Henriette sah den blonden Modemann erstaunt an.

„Sie erinnern sich wohl meiner nicht mehr?“ fragte er mit einem impertinenten Lächeln.

„Ich wüßte nicht, daß ich Sie schon früher gesehen hätte.“

„Sie waren vorgestern Abends acht Uhr in einem Hause der Polstraße. An meiner Hand erstiegen Sie die Treppen zum vierten Stocke. Als Sie eine Stunde später zurückkehrten, fanden Sie mich an der Thür, und ich hatte das Vergnügen, einen Fiaker für Sie herbeizurufen.
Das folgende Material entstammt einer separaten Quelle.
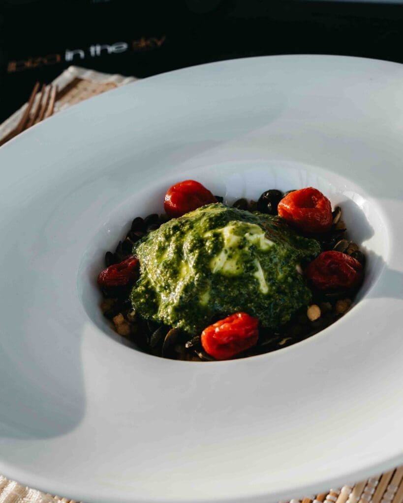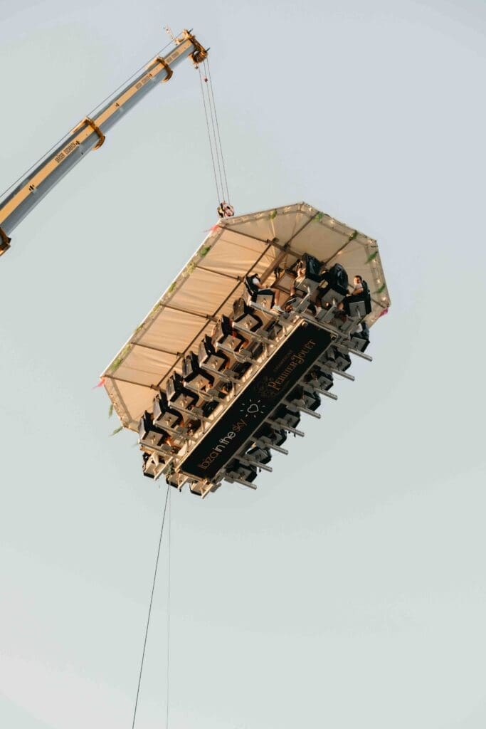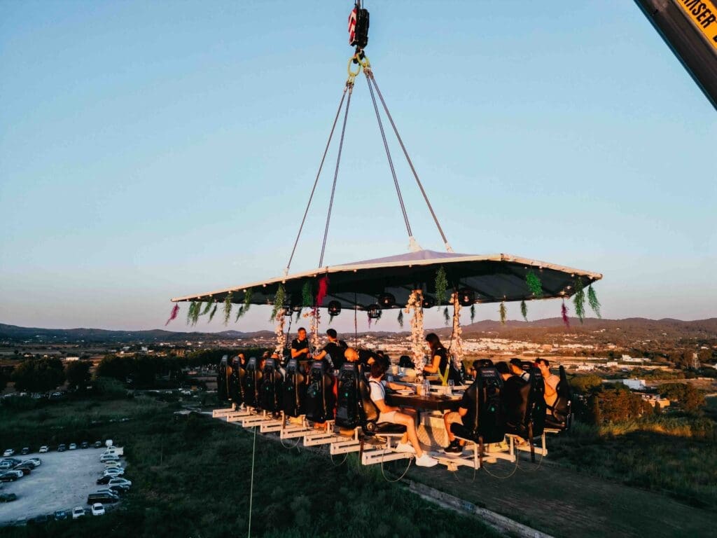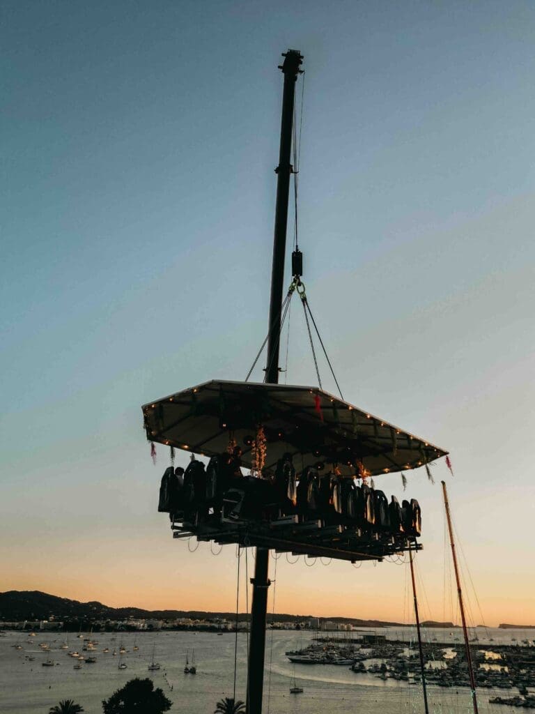 Ibiza in the Sky es el concepto gastronómico más único del mundo. Utiliza una grúa para elevar una plataforma especial con 22 invitados más el personal, hasta 50 metros en el cielo despejado de Ibiza, ofreciendo una experiencia gastronómica exclusiva con vistas al atardecer de la Bahía de San Antonio. Ibiza in the Sky ofrece 3 experiencias diferentes: tapas in the sky, dinner in the sky y DJ & cocktails in the sky.

War Ihr schönes Gesicht auch in einen schwarzen Regenhut gehüllt, so habe ich mir die Züge desselben doch so tief eingeprägt, daß ich sie selbst unter dem Diademe einer Königin wiedererkennen würde.“

Entrüstet erhob sich Henriette; mit stolzen, verachtenden Blicken sah sie den jungen Mann an.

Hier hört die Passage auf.